Hirschmüller proposed in this energy minimization method two smoothness constraints [44]: the constant penalty $P_1$ within the second term was introduced for pixels in the neighborhood, for which the disparity changes a little bit (i.e., by 1 pixel), and the larger constant penalty $P_2$ was introduced for large disparity changes. $P_1$ permits an adaptation to slanted or curved surfaces, while $P_2$ preserves discontinuities. T is the probability distribution of corresponding intensities in this equation.

The result of the SGM step is a 3D pointcloud of the observed scene (e.g., a building), which is the basis for subsequent 3D visualization (see Section 3.4).
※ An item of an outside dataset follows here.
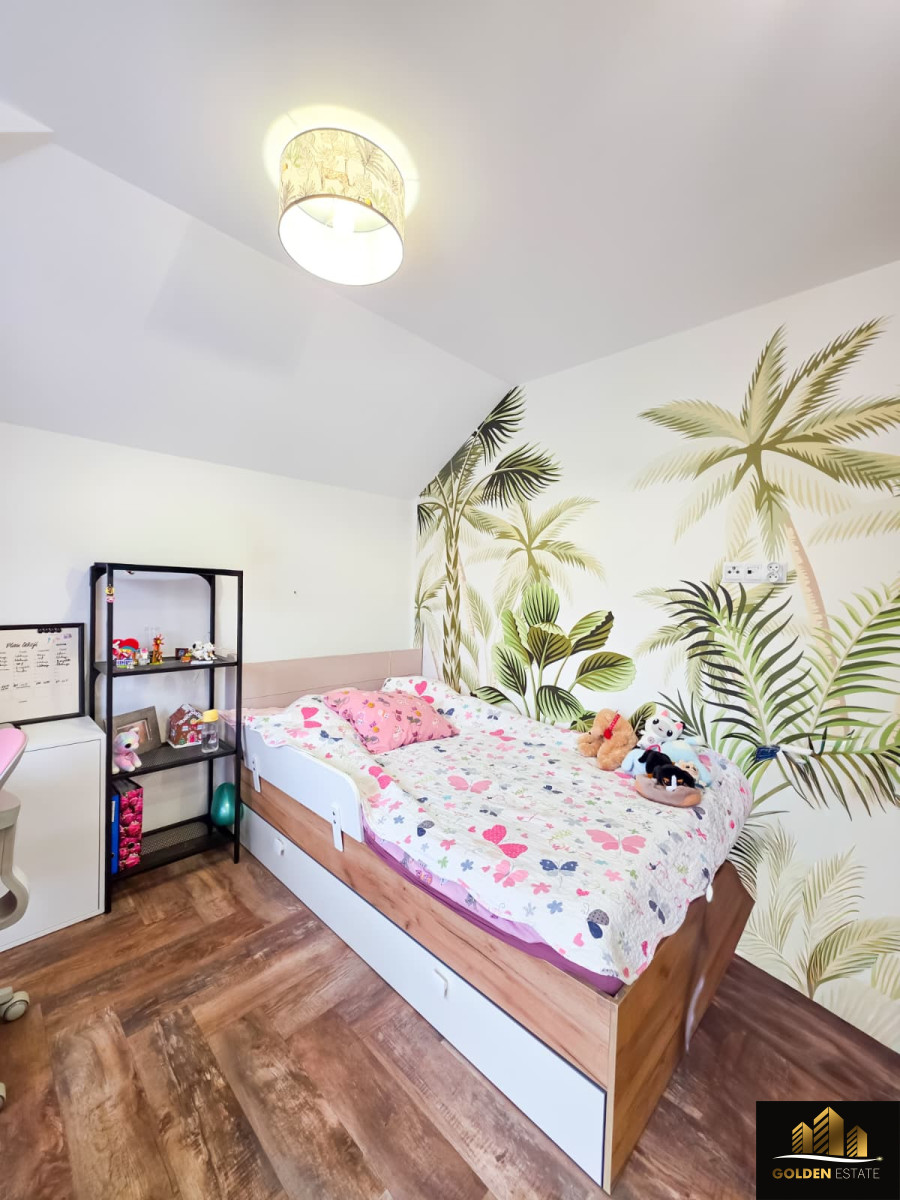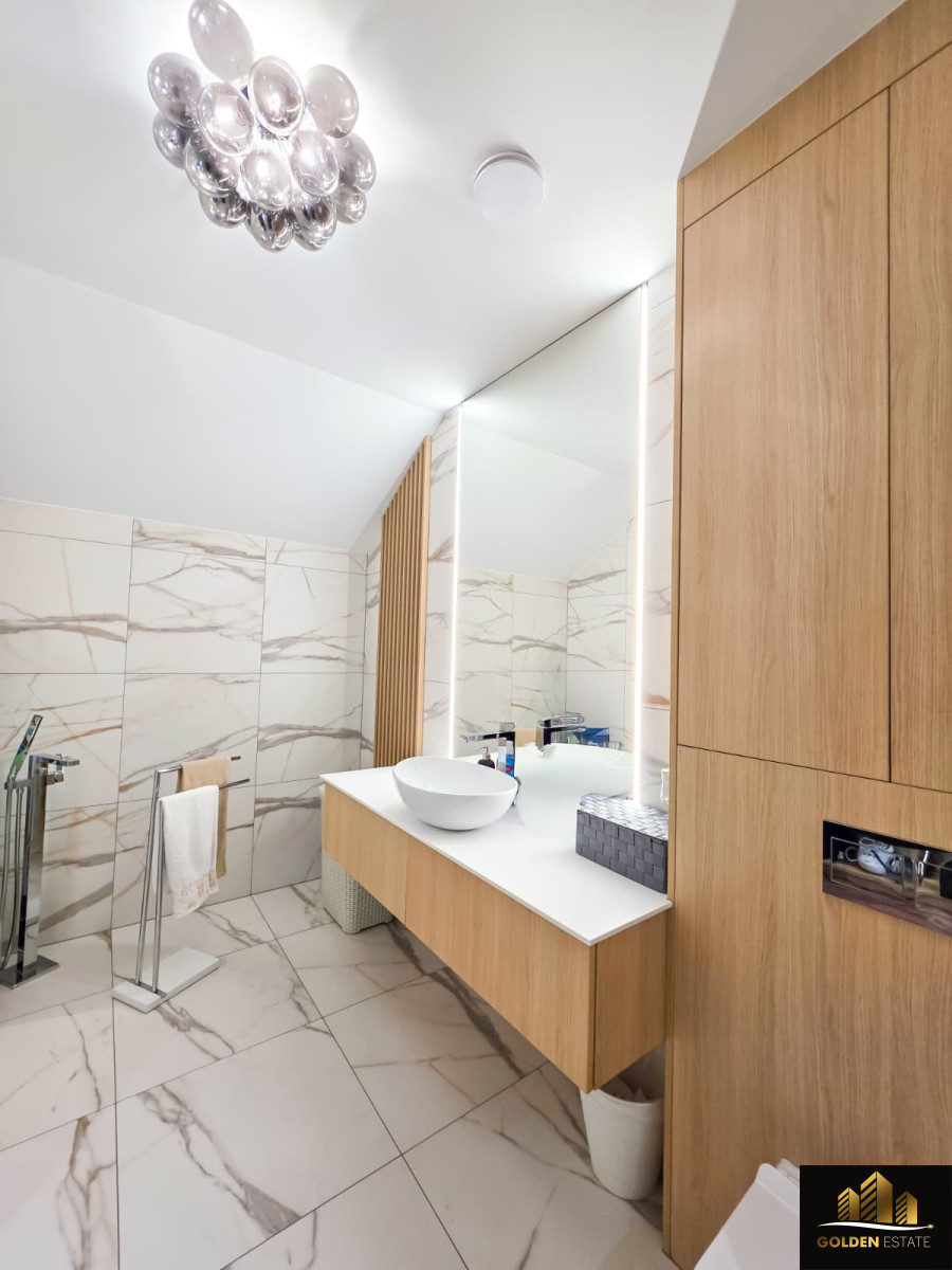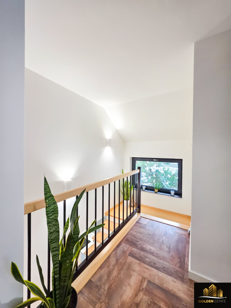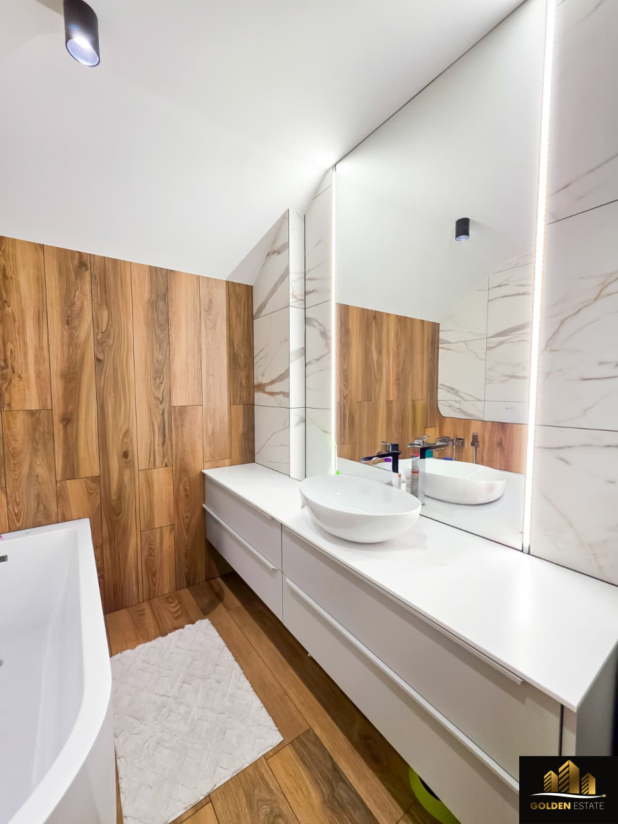 - Piętro: duża sypialnia master bedroom z prywatną łazienką oraz garderobą, dwa dodatkowe pokoje, druga łazienka obsługująca te pokoje.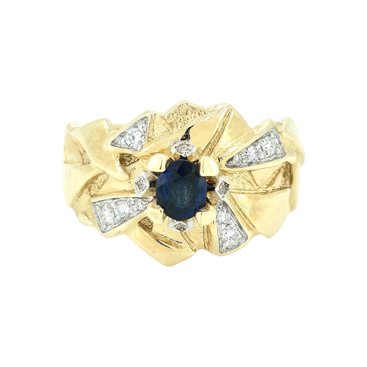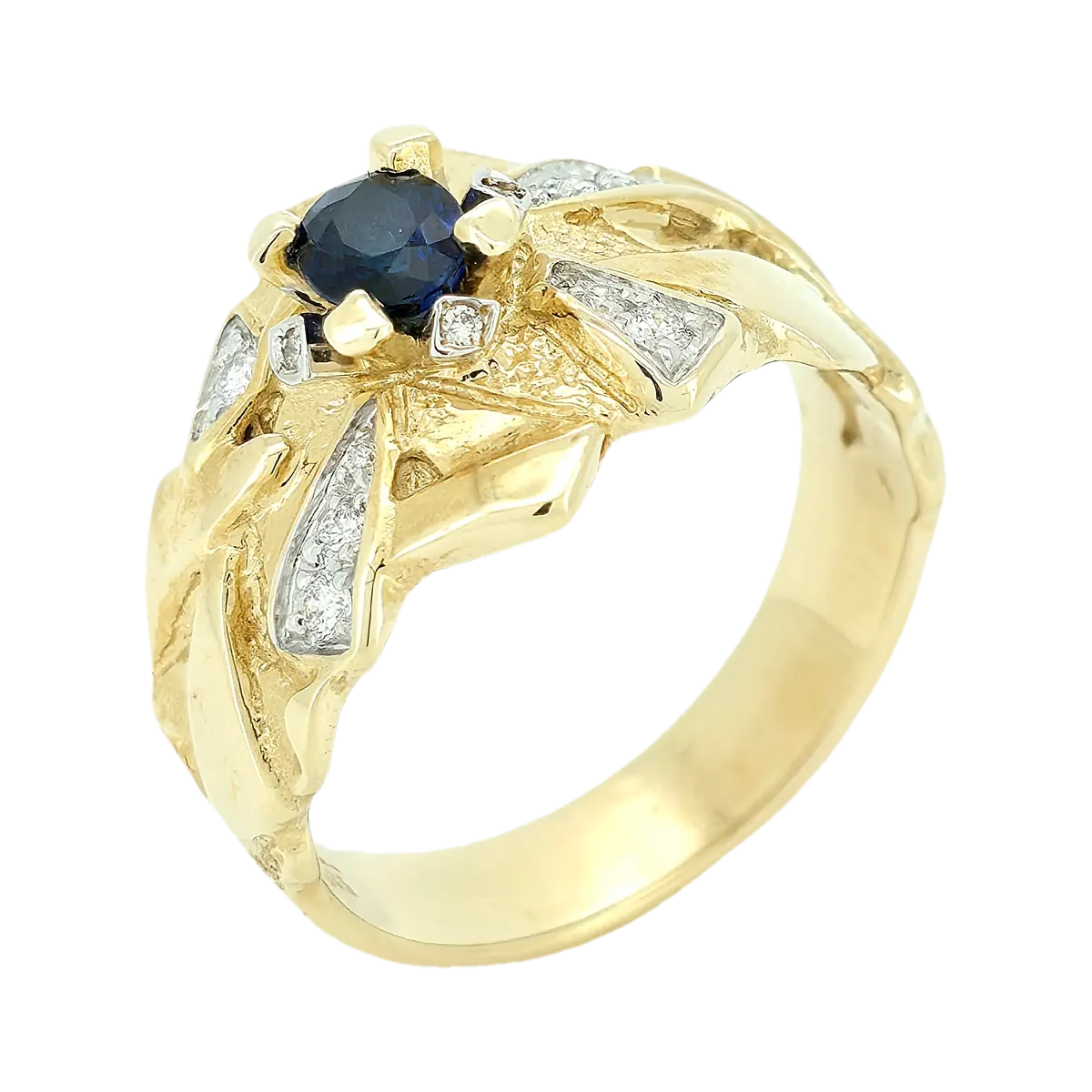 Efni hrings: 14kt gull Steinar: 14 demantar - 0,16ct - Top Wesselton VS | 1 Ceylon safír - 0,54ct

2.3. 3D Indoor Building Reconstruction with IPS

In order to calculate a 3D indoor vector model of the building (see Figure 2b), the oriented IPS images are preprocessed, i.e., performing the semi-global matching algorithm [44] to convert them into a 3D point cloud, as shown in Figure 2a. After preprocessing, the resulting high-resolution samples are manually subdivided into floors, rooms, and staircases, as shown as an example in Figure 3a. Next, each 3D cloud is projected onto the $x,y-$plane subdivided by a regular grid (see Figure 3b). The spacing of the grid needs to be adjusted empirically with respect to the residual noise of the points. For each grid cell its density, spatial distribution, and characteristic height histogram is computed and evaluated to identify potential facade pieces [13]. On the set of cell elements, which is considered a part of the facade, the regression line is estimated from the 2 × 2 covariance matrix of the confined point set. After effectively performing PCA, the eigenvector of the covariance matrix, which belongs to the greatest eigenvalue, denotes the direction of the best-fit line through the set of cell elements. A measure for its confidence can be obtained from the ratio ${\rho }_{min}=\frac{{\sigma }_{min}}{{\sigma }_{max}}$ of the square roots of the eigenvalues, which is the ratio of the standard deviations of the projected 3D points in the direction of the eigenvectors. After the line segments have been determined for individual grid cells, the computation of the regression line is extended to groups of adjacent cells in order to form facade fragments of the same orientation (see Figure 3c). For this purpose, the line direction of every cell in a local neighborhood of eight is compared pair-wise against the line direction of its center element using a fixed angular threshold. In case the directions match, the respective cells are added to the same cell set. This growth process is repeated until no more adjacent cells are left to be assigned. If a stable state is reached, a common regression line is estimated through the point set of every cell group. The resulting linear facade fragments are intersected if their endpoints are locally adjacent (Figure 3d) within the grid, forming a closed two-dimensional contour (Figure 3e). Finally, contour extruding is calculated, as shown in Figure 3f. The complete 3D vector model is shown in Figure 2b.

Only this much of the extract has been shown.